Work required » Leave the images out. Give every line below again, precisely.

Source data: Begin

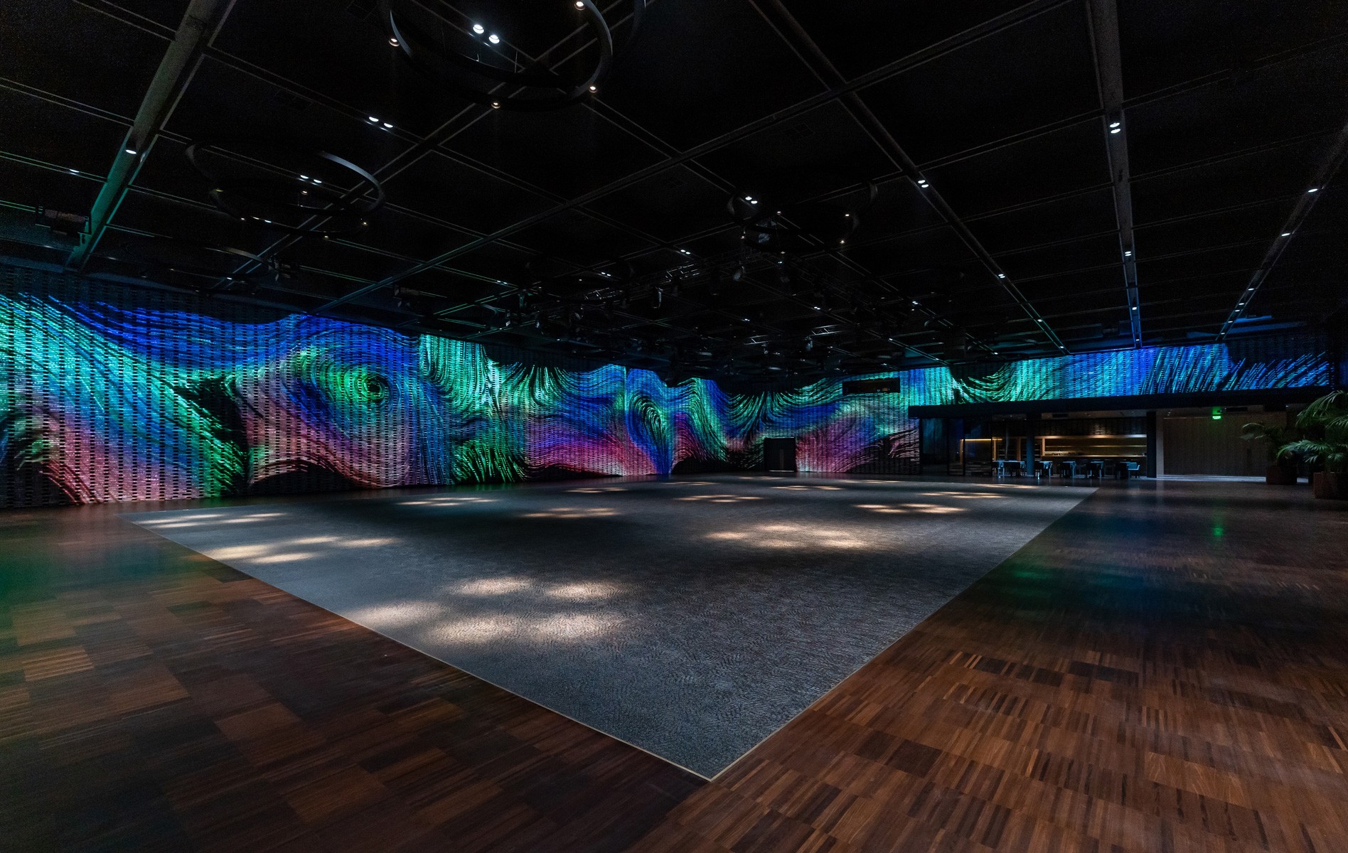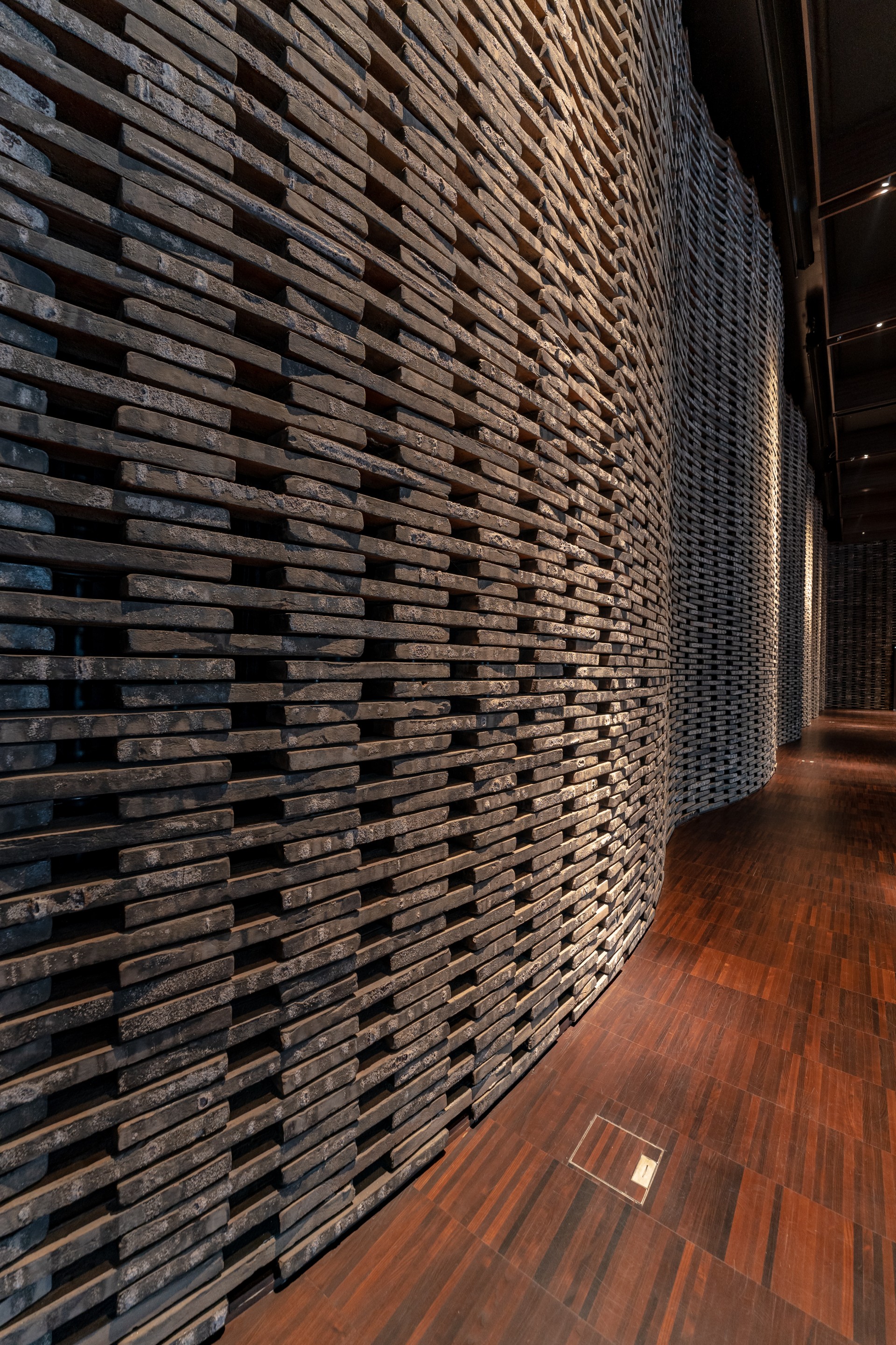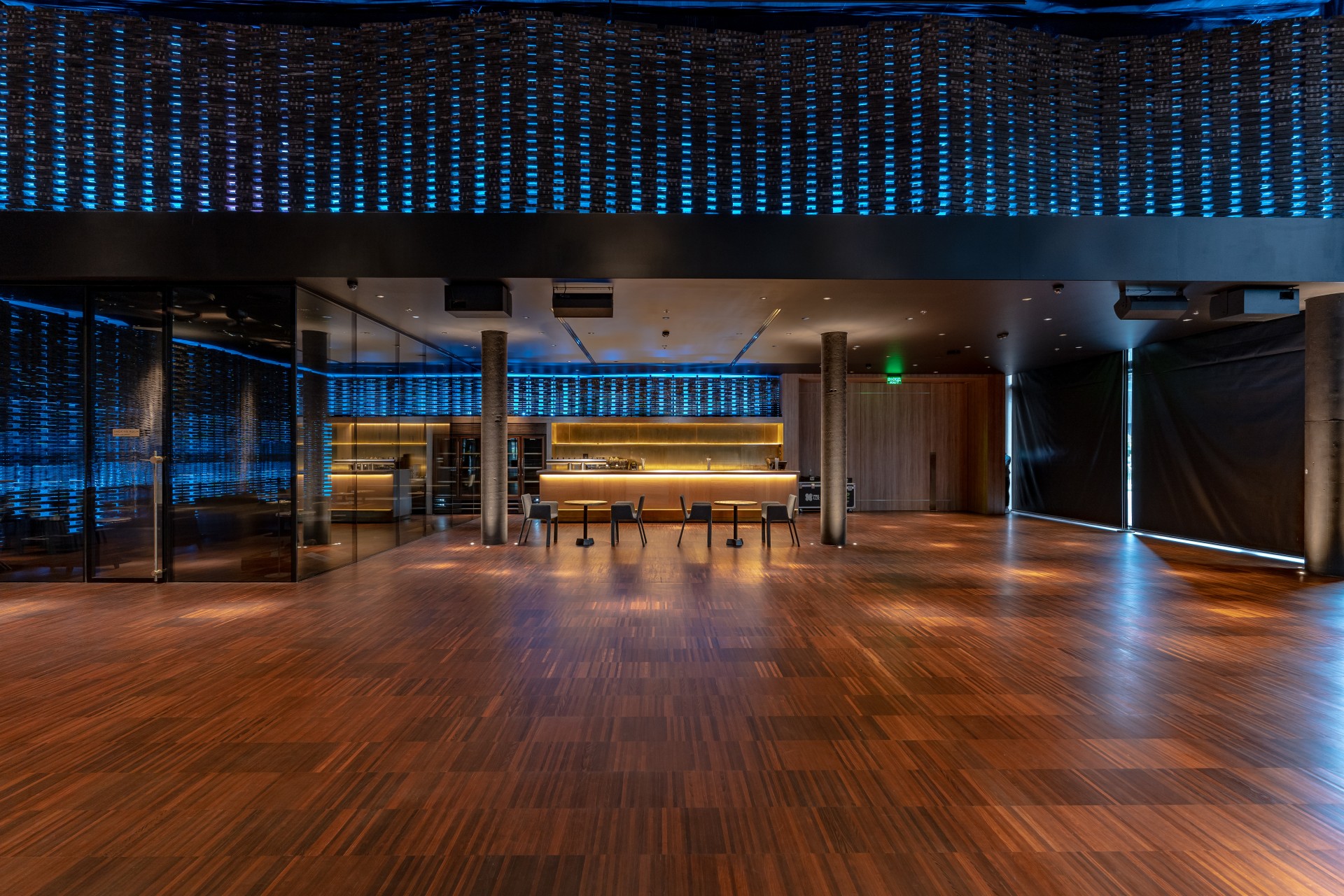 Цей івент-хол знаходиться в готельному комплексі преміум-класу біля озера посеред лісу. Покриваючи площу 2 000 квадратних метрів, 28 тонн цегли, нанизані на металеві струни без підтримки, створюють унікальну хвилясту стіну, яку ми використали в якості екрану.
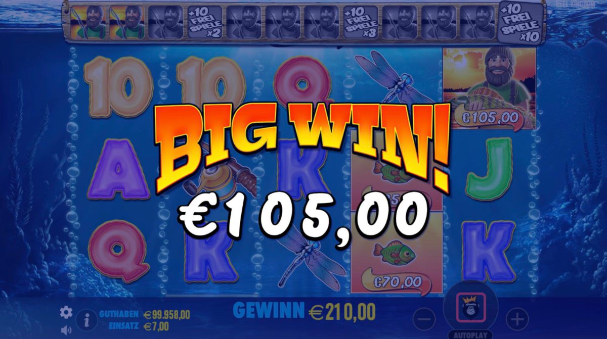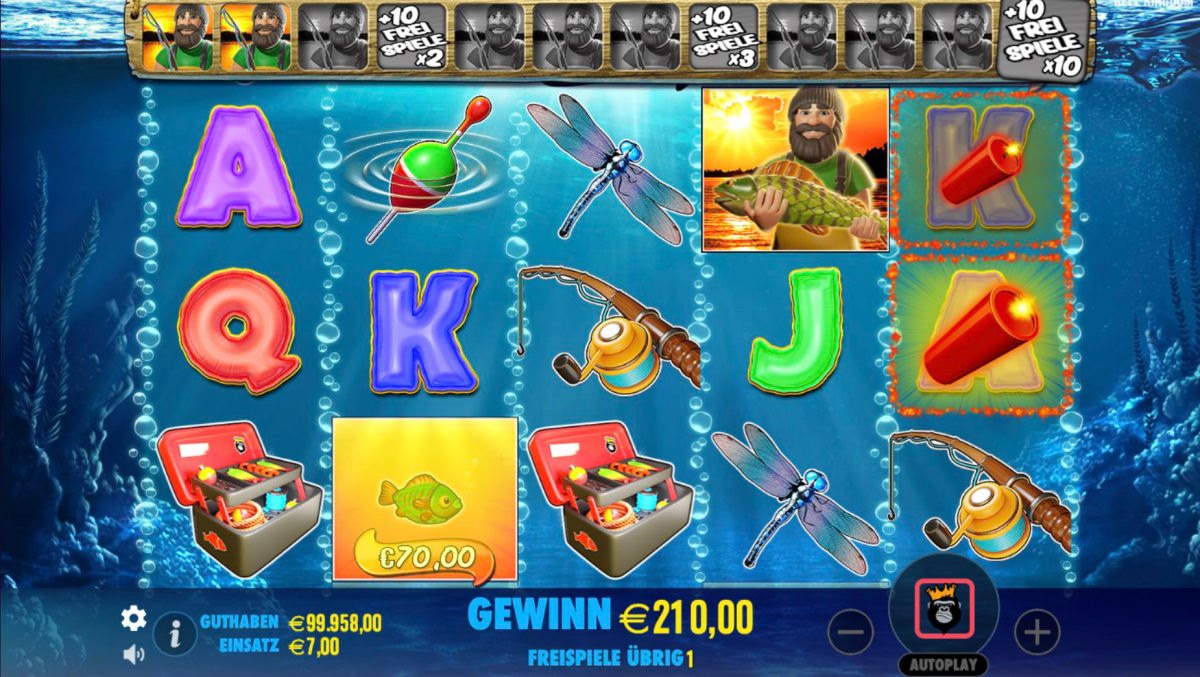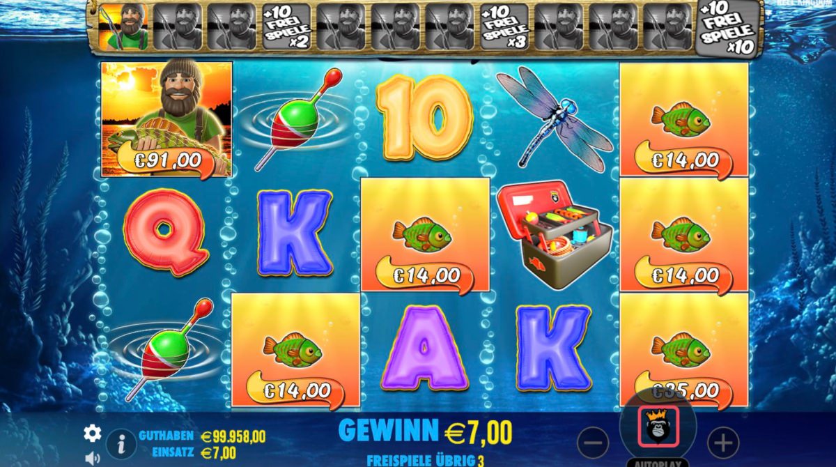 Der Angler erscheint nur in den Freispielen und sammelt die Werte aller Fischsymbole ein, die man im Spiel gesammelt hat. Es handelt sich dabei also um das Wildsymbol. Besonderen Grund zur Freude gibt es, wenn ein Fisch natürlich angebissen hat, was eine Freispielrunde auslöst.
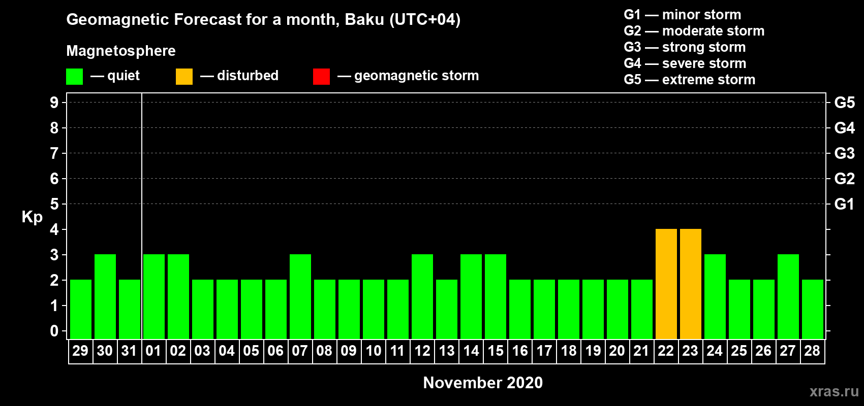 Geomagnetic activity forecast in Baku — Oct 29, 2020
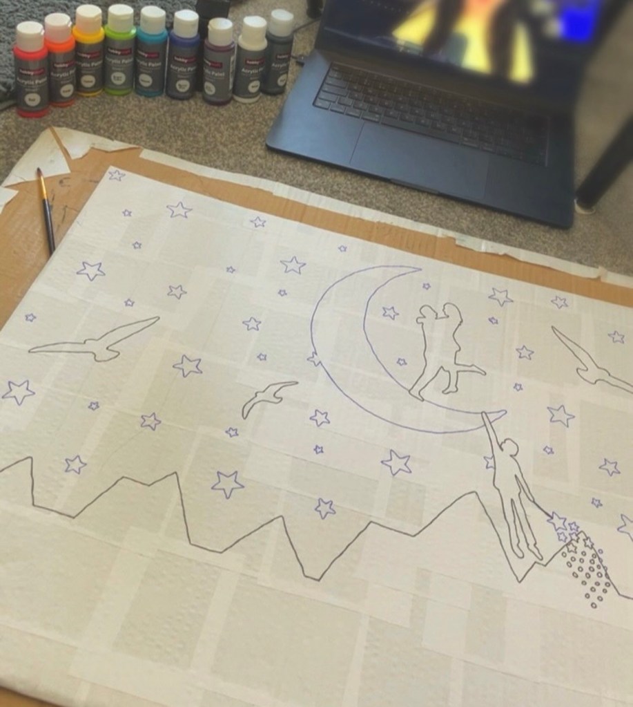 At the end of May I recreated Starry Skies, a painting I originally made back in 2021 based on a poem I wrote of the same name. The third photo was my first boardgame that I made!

Source data: End

Answer space »
 Цей івент-хол знаходиться в готельному комплексі преміум-класу біля озера посеред лісу. Покриваючи площу 2 000 квадратних метрів, 28 тонн цегли, нанизані на металеві струни без підтримки, створюють унікальну хвилясту стіну, яку ми використали в якості екрану.
 Der Angler erscheint nur in den Freispielen und sammelt die Werte aller Fischsymbole ein, die man im Spiel gesammelt hat. Es handelt sich dabei also um das Wildsymbol. Besonderen Grund zur Freude gibt es, wenn ein Fisch natürlich angebissen hat, was eine Freispielrunde auslöst.
 Geomagnetic activity forecast in Baku — Oct 29, 2020
 At the end of May I recreated Starry Skies, a painting I originally made back in 2021 based on a poem I wrote of the same name. The third photo was my first boardgame that I made!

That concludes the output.